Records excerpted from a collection
———

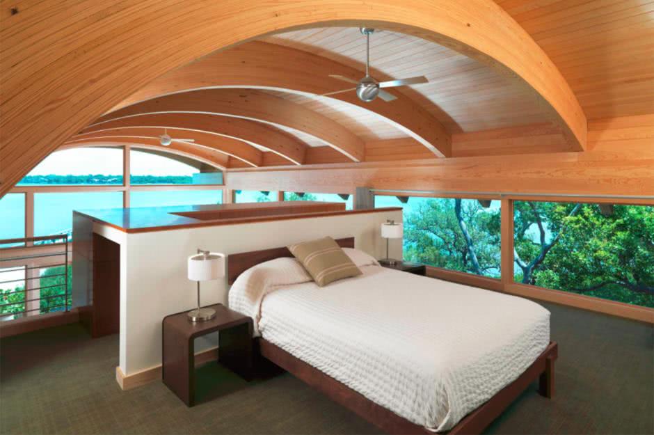 Под двухскатной кровлей, где внешне недостаточно места, размещают спальни. Часто кровати устанавливаются в ниши под скошенные стены. Можно сделать мастерскую, гардеробную или кабинет на мансарде.
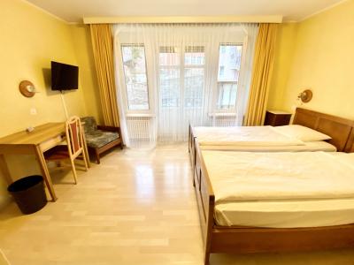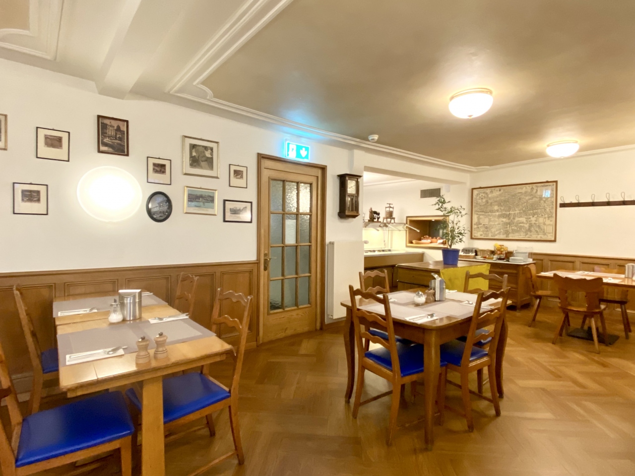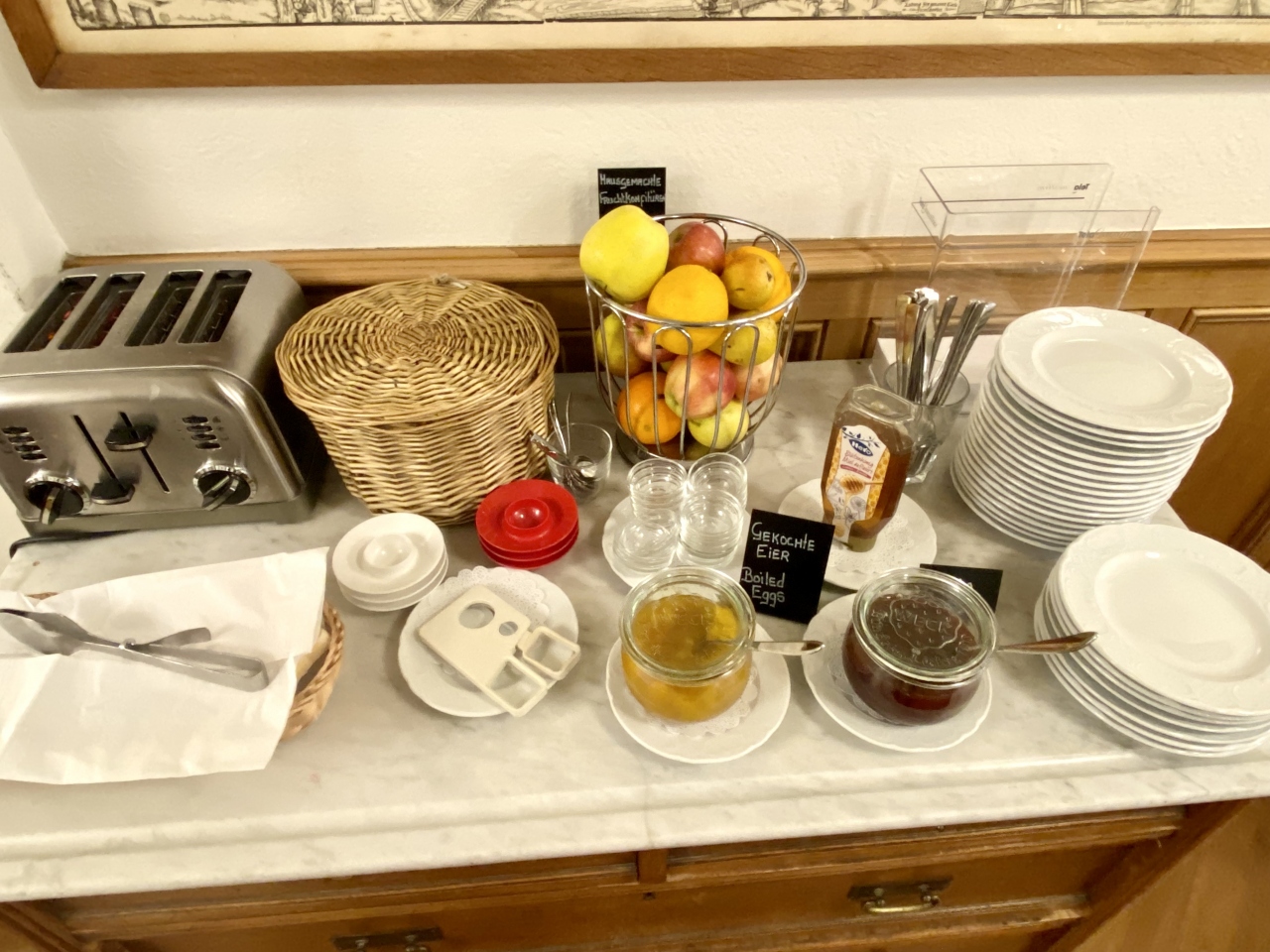 31号室の部屋はシングルベッド2台のツインルームでしたが、一人用ソファ椅子、木の机と椅子があり、クローゼットもありました。トイレとバスルームは別途にあり、バスタブもあって快適でした。シャンプーなどは備え付けのものはなく、1回分の使い捨てのものでした。バルコニーがあり、POLY BAHNのケーブルカーが見えていました。冷蔵庫はないので飲み物などをバルコニーに出して冷やしました。セイフティボックスはないので、パスポートなどはフロントの金庫を借りました。
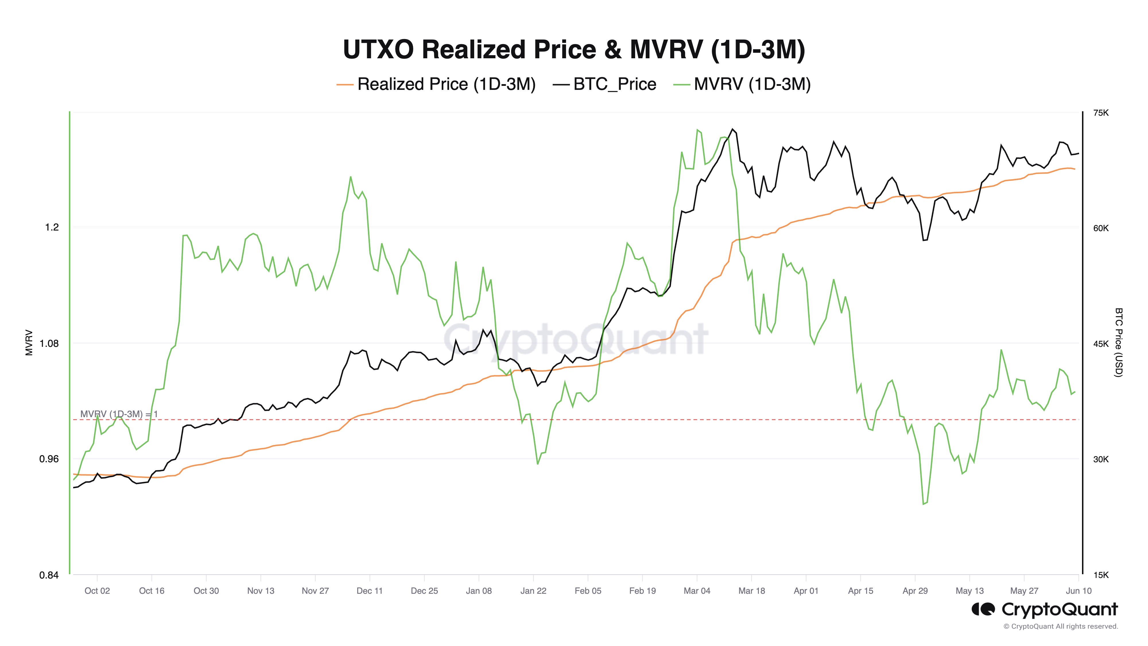 Harga akuisisi rata-rata untuk Bitcoin yang dibeli antara satu hari sampai tiga bulan lalu adalah US$67.500. Bitcoin yang dibeli dalam jangka waktu ini menyumbang 17% dari total pasokan yang beredar.
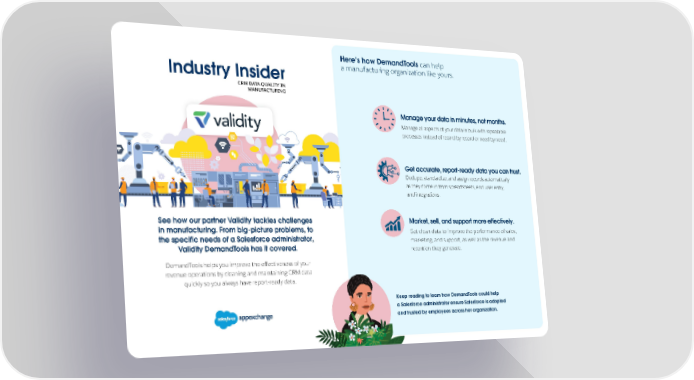 Here’s how DemandTools can help Industry Insider a manufacturing organization like yours. CRM DATA QUALITY IN MANUFACTURING Manage your data in minutes, not months. Manage all aspects of your data in bulk with repeatable processes instead of record by record or need by need. Get accurate, report-ready data you can trust. Dedupe, standardize, and assign records automatically as they come in from spreadsheets, end-user entry, and integrations. See how our partner Validity tackles challenges Market, sell, and support more effectively. in manufacturing. From big-picture problems, to Get clean data to improve the performance of sales, the specific needs of a Salesforce administrator, marketing, and support, as well as the revenue and Validity DemandTools has it covered. retention they generate. DemandTools helps you improve the effectiveness of your revenue operations by cleaning and maintaining CRM data quickly so you always have report-ready data. Keep reading to learn how DemandTools could help a Salesforce administrator ensure Salesforce is adopted and trusted by employees across her organization.
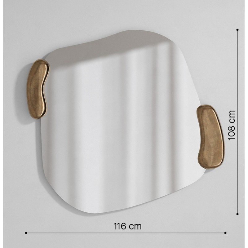 Lo specchio asimmetrico con dettagli oro è una vera dichiarazione di stile. La sua forma organica e fluida rompe la simmetria tradizionale, mentre gli eleganti inserti dorati laterali trasformano lo specchio in un autentico elemento d’arredo.
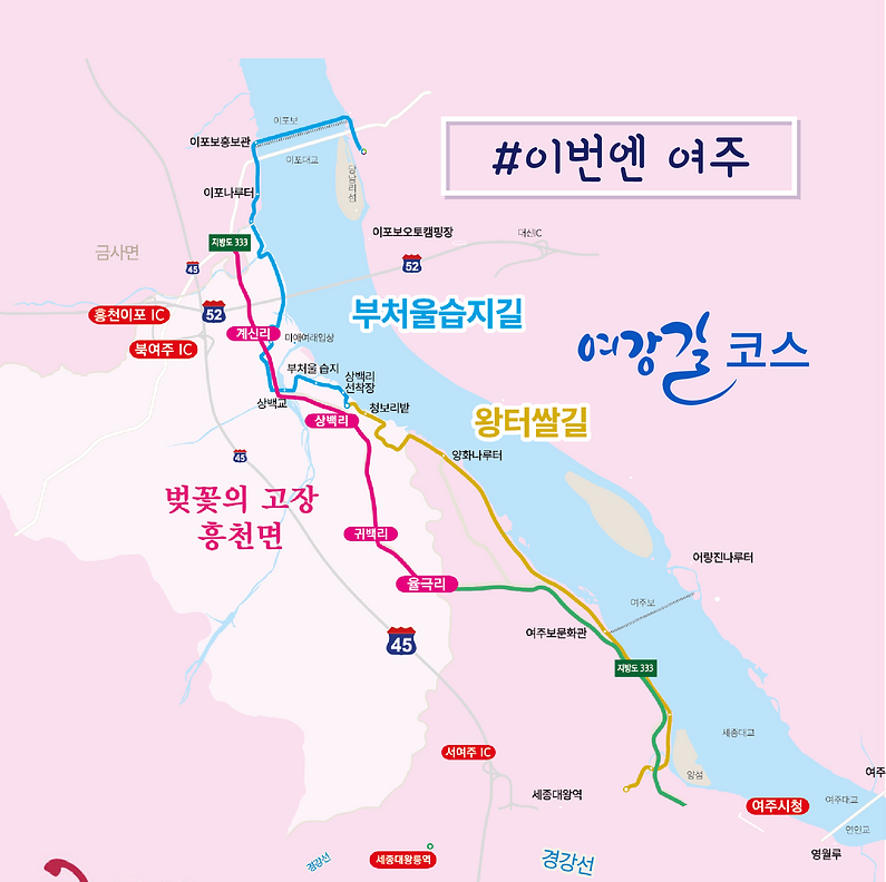 이번 행사는 흥천면에서 진행되며, 흥천면은 남한강(여강길)을 끼고 왼쪽에 위치하고 있습니다.

———

Only the lines from the one containing "Lo specchio asimmetrico" through the last line of the data may appear in the answer, each given again exactly and with pictures left out.

 Lo specchio asimmetrico con dettagli oro è una vera dichiarazione di stile. La sua forma organica e fluida rompe la simmetria tradizionale, mentre gli eleganti inserti dorati laterali trasformano lo specchio in un autentico elemento d’arredo.
 이번 행사는 흥천면에서 진행되며, 흥천면은 남한강(여강길)을 끼고 왼쪽에 위치하고 있습니다.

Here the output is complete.